Longtime Northbrook resident Ron Bernardi served with a key to the village
Sunset Foods employee Ron Bernardi, an 80-year-old, third-generation Italian American, is possibly the most popular person in Northbrook.
The village board officially added to his legend by giving him a "Key to the Village" Tuesday.
"The really, really cool thing about Northbrook is community, leadership and gratitude. And you embody all of that," Village President Kathryn Ciesla told Bernardi while presenting the key.
Ciesla's predecessor, Sandy Frum, and her husband, Carlos, were among a crowd that saluted Bernardi with a standing ovation before and after he accepted the key, the village's third awarded after Jesse Compher in 2022 and Judy Hughes this past March.
Sandy Frum now is president of the Rotary Club of Northbrook, and Carlos Frum a past president.
As a 40-year Rotarian, Bernardi embraces the service club's tenets so strongly he has its "4-Way Test" of proper conduct printed on the back of his business card for Sunset Foods, where he's worked for 64 years.
In 1966, Bernardi transferred from the Highland Park flagship store, founded in 1937, to Northbrook when "there were pheasant running around," he said.
"Service Above Self," Bernardi told the crowd at village hall, including Sunset Foods President and CEO John Cortesi sitting in the front row with the rest of the five-store chain's executive board.
"That's a motto that I always try to live by," Bernardi said.
Bernardi has served with the Northbrook Chamber of Commerce & Industry, the Northbrook Civic Foundation, the Northbrook Historical Society and the North Suburban YMCA. He has acted as an auctioneer in demand, helping raise stakes and money for charity.
He's a fixture at parades, festivals, open houses, driving his popcorn truck to events such as Illuminate Northbrook and Shermerfest, this year on Oct. 1.

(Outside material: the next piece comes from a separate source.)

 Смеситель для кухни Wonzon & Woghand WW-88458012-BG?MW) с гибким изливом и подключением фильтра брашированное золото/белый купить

"Ron Bernardi has been a pillar of this community and has helped so many people and served Northbrook for 60 years. Everyone knows who he is," said 45-year Northbrook resident Frank Karkazis of FGK Services, also a Rotarian. "We all know him as Mr. Northbrook and he's helped so many people. He gives so much of his time, and I don't know anyone else in Northbrook that has done more for this town."

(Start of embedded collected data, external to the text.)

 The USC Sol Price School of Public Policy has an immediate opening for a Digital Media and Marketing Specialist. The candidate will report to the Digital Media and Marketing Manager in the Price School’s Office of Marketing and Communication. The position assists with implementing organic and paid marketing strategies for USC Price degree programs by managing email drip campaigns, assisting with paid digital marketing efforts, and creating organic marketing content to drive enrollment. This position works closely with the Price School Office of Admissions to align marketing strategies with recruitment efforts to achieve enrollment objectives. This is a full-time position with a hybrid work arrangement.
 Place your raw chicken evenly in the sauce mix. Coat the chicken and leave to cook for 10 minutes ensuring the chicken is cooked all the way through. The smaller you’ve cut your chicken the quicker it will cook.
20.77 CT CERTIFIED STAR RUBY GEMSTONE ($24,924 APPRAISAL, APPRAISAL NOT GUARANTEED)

Fellow Rotarian Kathi Quinn, executive director of the Northbrook Chamber of Commerce & Industry, said Bernardi "is probably the best human that anyone could ever meet. He is such a wonderful person who cares so much about other people."
"'Service Above Self' is not only his motto, it's his way of life and he believes that giving service, helping other people, other organizations, is the way that keeps him young and happy," she added.
Bernardi said he saw the "hard work and self-sacrifice" of his grandparents, who came to the United States from Italy in 1910.
"I want to serve others and make a difference in the lives of others," Bernardi said. "For a happy life," he said, "two questions: "What's your God-given gift, and who are you going to give it to?"
The former Sunset Foods manager and now a community service representative, Bernardi still works five days a week, and has the physique and vigor of a man half his age.
"For me, and in general, I think retirement can be detrimental to your life span, to be honest," he said. "If you have an opportunity to serve and keep going, just keep going. That's who I am, and I don't feel like I'm an octogenarian. I've got too much to do and not enough time.
"But I guess the bottom line is how am I going to serve, and I think that's what life's about. Think about it - in our world, if everybody was serving everybody else, wouldn't it be a better world?"